Personal information
- Born: January 24, 1991 (age 34) Kingston, Jamaica
- Height: 6 ft 3 in (1.91 m)
- Weight: 304 lb (138 kg)

Career information
- High school: Royal Palm Beach
- College: Missouri State

Career history
- 2013: San Diego Chargers*
- 2013: Tampa Bay Buccaneers*
- 2015: Saskatchewan Roughriders
- 2015–2018: Calgary Stampeders
- 2019–2020: Toronto Argonauts
- 2021: Edmonton Football Team / Elks*
- 2022: Ottawa Redblacks
- * Offseason and/or practice squad member only

Awards and highlights
- Grey Cup champion (2018);
- Stats at CFL.ca

= Randy Richards =

Jamaican-born offensive lineman (born 1991)

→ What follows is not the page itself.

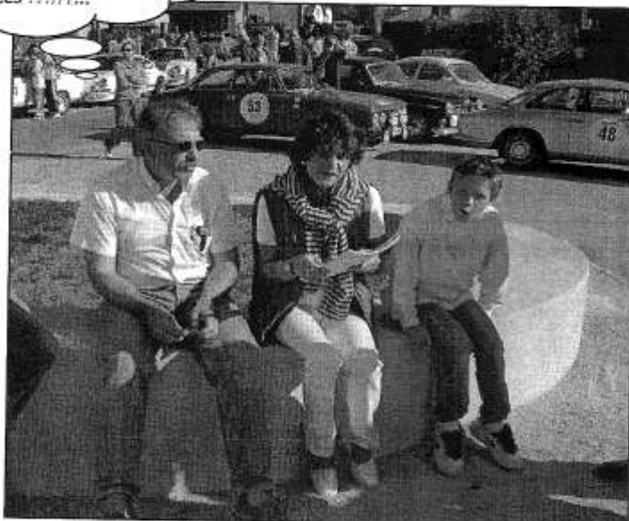
Routes du Jura 2003

Randy Shimon Richards (born January 24, 1991) is a Jamaican-American former professional football offensive lineman who played in the Canadian Football League (CFL). He made his professional debut in 2015 with the Saskatchewan Roughriders and won his first Grey Cup championship with the Calgary Stampeders in 2018. Richards was also a member of the San Diego Chargers, Tampa Bay Buccaneers, Toronto Argonauts, Edmonton Football Team, and Ottawa Redblacks. He played college football for the Missouri State Bears and the College of the Sequoias.

==Professional career==
===NFL===
Richards was originally signed as an undrafted free agent by the San Diego Chargers of the National Football League (NFL) on April 27, 2013 and also spent time with the Tampa Bay Buccaneers that year before being released on October 16, 2013. He was unsigned by a team in 2014.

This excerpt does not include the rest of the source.